BERLIN — Meeting upwardly revised targets, sales at Zalando surged 23 percent in 2016 while operative earnings more than doubled and the adjusted earnings before interest and taxes margin increased to 5.9 percent. Net earnings were broadly flat, primarily due to a tax loss carried forward.
Sales hit 3.64 billion euros, or $4.03 billion. Adjusted group EBIT reached 216.3 million euros, or $239.4 million, compared to 107.5 million euros, or $116 million, in the previous 12-month period. Net income was flat at 120.5 million euros, or $133.4 million, compared with 121.5 million euros, or $134.6 million, in 2016.
All dollar figures are converted at an average exchange rate for the periods to which they refer.
Zalando also said it has agreed to acquire Munich-based Kickz AG, a leading multichannel basketball retailer. “They have strong competence in streetwear and basketball,” Ritter said. “Our strategy is to work with partners in these niche areas, and one way is to acquire such partners.” The deal is subject to merger control clearance and is expected to close in the first half. Financial details were not disclosed.
In the current year, the Berlin-based e-commerce giant is forecasting ongoing growth, with revenues set to increase by 20 to 25 percent, and an adjusted EBIT margin of 5 to 6 percent. Zalando said the guidance is in line with the multiyear strategy originally laid out in its IPO documents from 2014.
In a conference call on Wednesday, co-chief executive officer Rubin Ritter said: “It’s evident we can be very happy and proud of our performance. We have doubled the company since 2013, and in 2016, we have been able to significantly increase our profitability, performing beyond our targets.”
The company attributed the EBIT gain to improved operating costs and said it reflected strong cost management and general efficiency improvements.
Zalando said it would continue to invest heavily in long-term infrastructure and performance. Last year’s capital expenditure, excluding mergers and acquisitions, came in at 181.7 million euros, or $201.1 million. For 2017, the company expects to spend 200 million euros, or $212 million, primarily in the same areas as last year, namely infrastructure, increased automation and in-house developed software.
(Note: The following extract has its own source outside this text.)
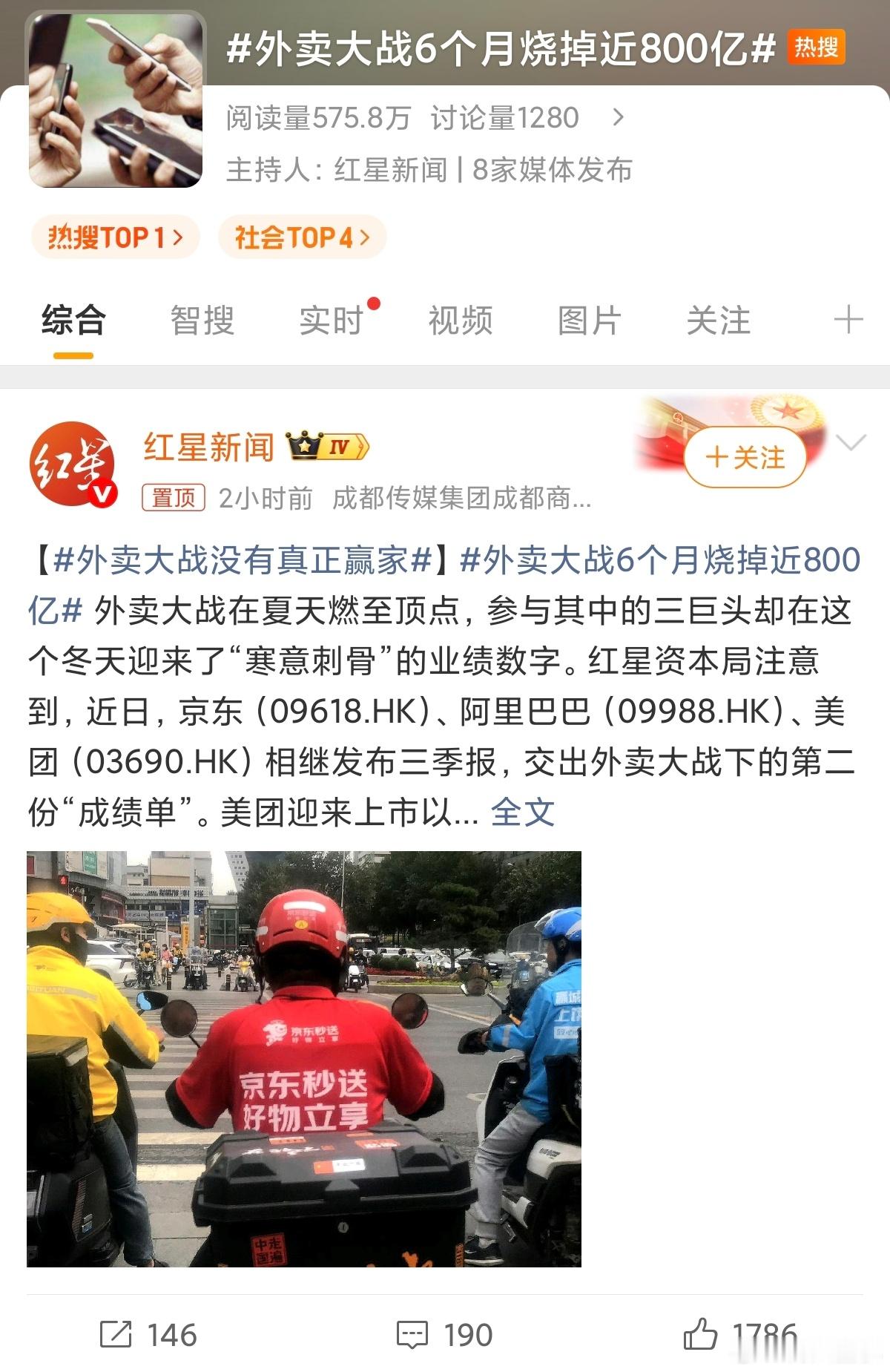 外卖大战6个月烧掉近800亿半年烧了800亿,确实刺激了市场,但当大家习惯了个位数的奶茶、外卖,现在外卖平台补贴停止了,请问大家还点外卖吗?

“Strong growth requires non-stop investment,” Ritter said. “Our goal is to make Zalando the best online fashion destination in Europe. We are investing in improving the on-site experience on both the web and via app, and investing in our brands to make the experience even better. This attracts more and more suppliers,” he noted, adding that Zalando was rolling out services, such as Zalando Media Solutions, for its brand partners. Further investments in fulfillment infrastructure are also planned, with warehouses in France and Sweden — as well as a logistics center in Poland — in development.
Active in 15 European markets, Zalando grew site visits in 2016 20.2 percent to 1.99 billion, with mobile visits now making up 65.6 percent, up from 57.1 percent the year previously. Last year, Zalando took 69.2 million orders, a gain of 25.2 percent, though the average basket size in euros declined 1.8 percent to 66.6 euros, or $73.7 million.
Asked about this development, Ritter suggested the basket size decline “could be related to continued growth in lower price merchandise, but I think it is all still positive for us if we can get an increase in order frequency,” which was achieved last year.
Zalando has been steadily building its workforce, which grew by 2,000 to 11,998 this year, with 5,400 based in Berlin. The company said it plans to create more than 2,000 new jobs this year, with about half of them based in the German capital.